La première bataille eut lieu à Palo même; les Musulmans furent complètement battus, Amadou Fakhoudia, son frère Ngouda Fakhoudia, son fils Ndiaga Issa (père d’Amadou Aminata) et Moudoune Mbaye furent faits prisonniers et vendus comme esclaves.
La deuxième bataille eut lieu à Pir. Les Musulmans furent de nouveau mis en fuite et poursuivis par les «Tiedos<» jusqu’à la nuit. Ils se retirèrent à Dakar sous la conduite de Matar Mamour et se retranchèrent sur la presqu’île qu’ils coupèrent par un mur de terre. L’armée du Damel-Teigne Amary Ngoné Ndella Coumba les attaqua, elle perdit beaucoup de gens, mais fut repoussée et obligée de rentrer dans le Cayor. Le Roi de Dakar en profita pour se rendre indépendant.

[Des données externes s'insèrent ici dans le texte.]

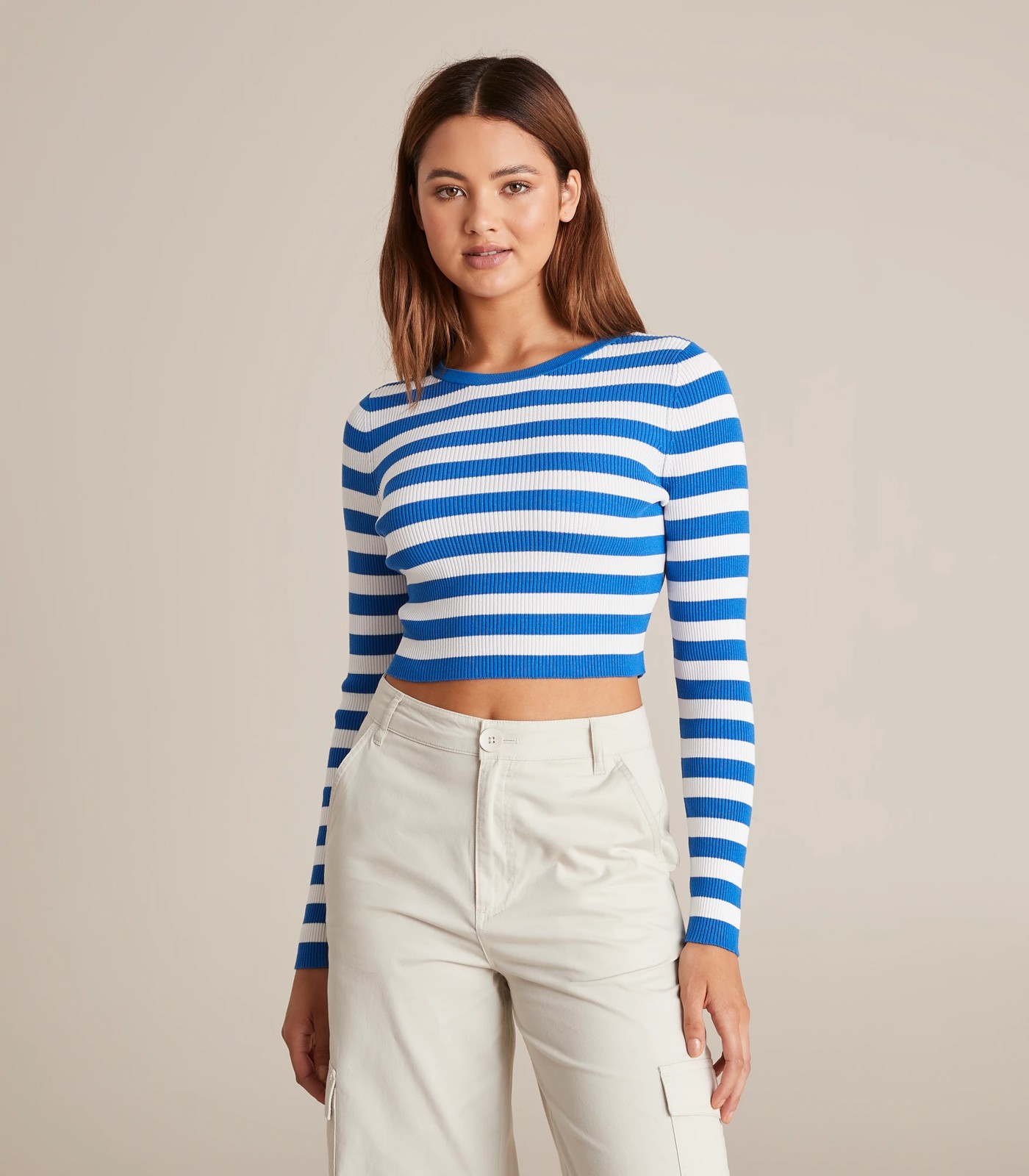 The Lily Loves crew neck crop top is a lightweight knit top with a cropped length, a crew neckline and long sleeves.

Deux ou trois mois plus tard, Abdoul Kader Kane, Almamy du Fouta-Toro qui avait entreprit une guerre sainte, vint faire une croisade dans le Cayor en annonçant partout que tous les «Tiedos» allaient disparaître du pays. Le Damel-Teigne Amary Ngoné Ndella Coumba réunit ses forces du Cayor et du Baol et vint attendre son ennemi à Bounkhoye; la bataille fut sanglante, les Toucouleurs presque tous tués et Abdoul Kader Kane, l’ Almamy du Fouta fait prisonnier, puis renvoyé dans le Fouta-Toro avec un beau cheval en cadeau et deux de ses captifs pour l’accompagné.
Le Damel-Teigne Amary Ngoné Ndella Coumba de retour à Bardiale, sa capitale, exila son neveu Birahima Fatma Thioub dans le Saloum. Après quelques mois celui-ci réunit ses partisans et vint à Ndiob (Baol), où il trouva son oncle le Damel-Teigne Amary Ngoné Ndella Coumba, qui fut vaincu, mais les Diambours refusèrent de le nommer Damel-Teigne.

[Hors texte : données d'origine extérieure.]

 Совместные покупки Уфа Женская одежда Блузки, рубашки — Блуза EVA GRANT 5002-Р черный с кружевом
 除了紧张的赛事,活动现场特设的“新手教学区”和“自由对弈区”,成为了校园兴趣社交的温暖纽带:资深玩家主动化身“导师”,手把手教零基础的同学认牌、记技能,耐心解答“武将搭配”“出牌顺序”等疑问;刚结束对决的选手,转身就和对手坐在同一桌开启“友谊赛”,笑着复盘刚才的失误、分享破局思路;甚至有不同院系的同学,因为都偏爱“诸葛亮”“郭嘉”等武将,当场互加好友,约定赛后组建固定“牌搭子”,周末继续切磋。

En août 1793, à la suite d'une demande du capitaine Bourgneuf, envoyé en France par François-Michel-Emilie Blanchot de Verly, pour exposer la détresse des possessions et la nécessité de renforcer de 200 artilleurs, la garnison réduite à 84 hommes, le Ministre de la Marine, Jean Dalbarade s'aperçut qu'un bateau Le Henri, armé depuis 18 mois à Pauillac pour aller ravitailler la côte d'Afrique, n'était pas parti.Il le fit recharger et donna l'ordre de son départ qui semble n'avoir jamais été exécuté.

En 1794 à Bourghoye, Abdoul Kader Kane (Toucouleurs de caste Torodo), Almany du Fouta-Toro, subit une défaite contre le Damel-Teigne du Cayor et du Baol Amary Ngoné Ndella Coumba et le Brak du Waalo Ndiak Coumba Khouriyaye Mbodj, les souverains «Tiedos» de royaumes très peu islamisés. Son échec fut tel qu'il perdît toute crédibilité auprès du peuple du Fouta-Toro pendant un moment.